Rocha Maura Rigoldi Simões da, Souza Stefane, Costa Carolina Moraes da, Merino Daniela Faleiros Bertelli, Montebelo Maria Imaculada de Lima, Rasera-Júnior Irineu, Pazzianotto-Forti Eli Maria
Universidade Metodista de Piracicaba.
Clínica Bariátrica de Piracicaba, Piracicaba, SP, Brazil.
Arq Bras Cir Dig. 2018;31(2):e1363. doi: 10.1590/0102-672020180001e1363. Epub 2018 Jul 2.
Bariatric surgery can trigger postoperative pulmonary complications due to factors inherent to the procedure, mainly due to diaphragmatic dysfunction.
To evaluate and compare the effects of two levels of positive pressure and exercises with inspiratory load on lung function, inspiratory muscle strength and respiratory muscle resistance, and the prevalence of atelectasis after gastroplasty.
Clinical, randomized and blind trial, with subjects submitted to bariatric surgery, allocated to two groups: positive pressure group, who received positive pressure at two levels during one hour and conventional respiratory physiotherapy and inspiratory load group, who performed exercises with load linear inspiratory pressure, six sets of 15 repetitions, in addition to conventional respiratory physiotherapy, both of which were applied twice in the immediate postoperative period and three times a day on the first postoperative day. Spirometry was performed for pulmonary function analysis, nasal inspiratory pressure for inspiratory muscle strength and incremental test of respiratory muscle resistance for sustained maximal inspiratory pressure, both preoperatively and on hospital discharge on the second postoperative day.
There was no significant difference (p> 0.05) in the expiratory reserve volume and in the tidal volume in the pre and postoperative periods when compared intra and intergroup. There was no significant difference (p>0.05) in the nasal inspiratory pressure and the maximal inspiratory pressure maintained in the inspiratory load group in the intragroup evaluation, but with a significant difference (p<0.05) compared to the positive pressure group. The prevalence of atelectasis was 5% in both groups with no significant difference (p>0.05) between them.
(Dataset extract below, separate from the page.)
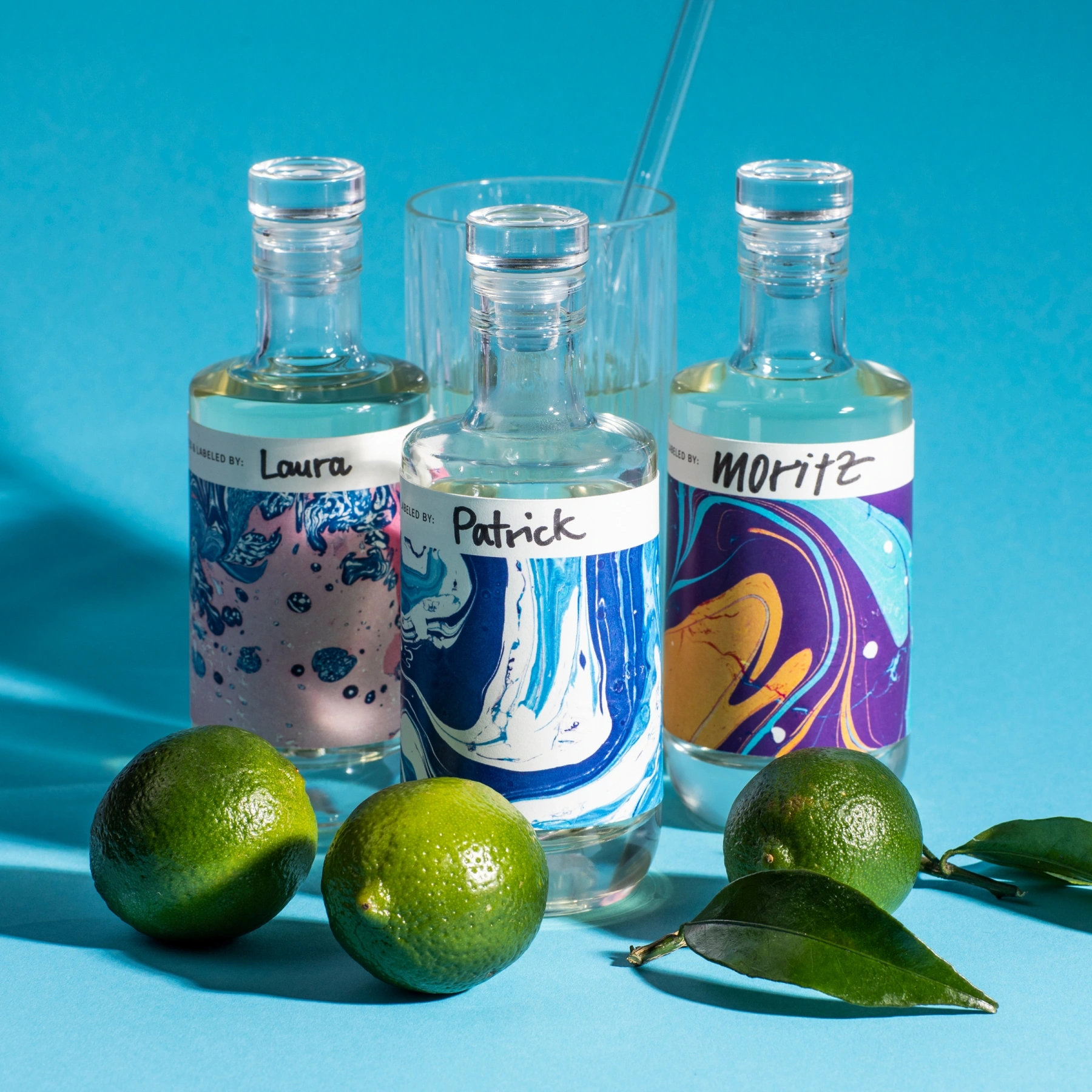 Auch wenn dieser immer gleich schmeckt, sollte er Vielfalt ausdrücken. Die Idee: ein standortübergreifender Workshop, in dem alle Kolleg:innen ihr persönliches Etikett gestalten. Die traditionelle japanische Maltechnik Suminagashi ist dabei nicht nur das stilistisch verbindende Thema, sie ist auch leicht zu erlernen, sehr variabel und liefert beeindruckende Ergebnisse: Durch das Auftropfen von Tinte auf Wasser entstehen marmorierte Oberflächen. Ein Prozess, der Neugier erfordert – für den es aber egal ist, ob man Designer, Stratege oder Praktikant ist. Die fertigen Ergebnisse wurden digitalisiert und nach dem Zufallsprinzip appliziert. On demand produziert für besondere Events, als Giveaway oder Sammlerstück. Und wie der Drink schmeckt? Nach Gin, Limette, Heu, Lavendel, Traube und Tee. Cheers!

Both groups, associated with conventional respiratory physiotherapy, preserved expiratory reserve volume and tidal volume and had a low atelectasis rate. The inspiratory loading group still maintained inspiratory muscle strength and resistance of respiratory muscles.
减肥手术可能因手术本身固有的因素引发术后肺部并发症,主要是由于膈肌功能障碍。
评估并比较两种正压水平及吸气负荷训练对肺功能、吸气肌力量和呼吸肌阻力的影响,以及胃成形术后肺不张的发生率。
临床随机双盲试验,纳入接受减肥手术的受试者,分为两组:正压组,在一小时内接受两个水平的正压通气及常规呼吸物理治疗;吸气负荷组,除常规呼吸物理治疗外,进行线性吸气压力负荷训练,每组15次重复,共6组,术后即刻进行两次,术后第一天每天进行三次。术前及术后第二天出院时进行肺活量测定以分析肺功能,测量鼻吸气压力以评估吸气肌力量,进行呼吸肌阻力递增试验以测定持续最大吸气压力。
组内及组间比较,术前和术后呼气储备量及潮气量无显著差异(p>0.05)。吸气负荷组组内评估时,鼻吸气压力及维持的最大吸气压力无显著差异(p>0.05),但与正压组相比有显著差异(p<0.05)。两组肺不张发生率均为5%,组间无显著差异(p>0.05)。
两组联合常规呼吸物理治疗,均保留了呼气储备量和潮气量,肺不张发生率低。吸气负荷组仍维持了吸气肌力量和呼吸肌阻力。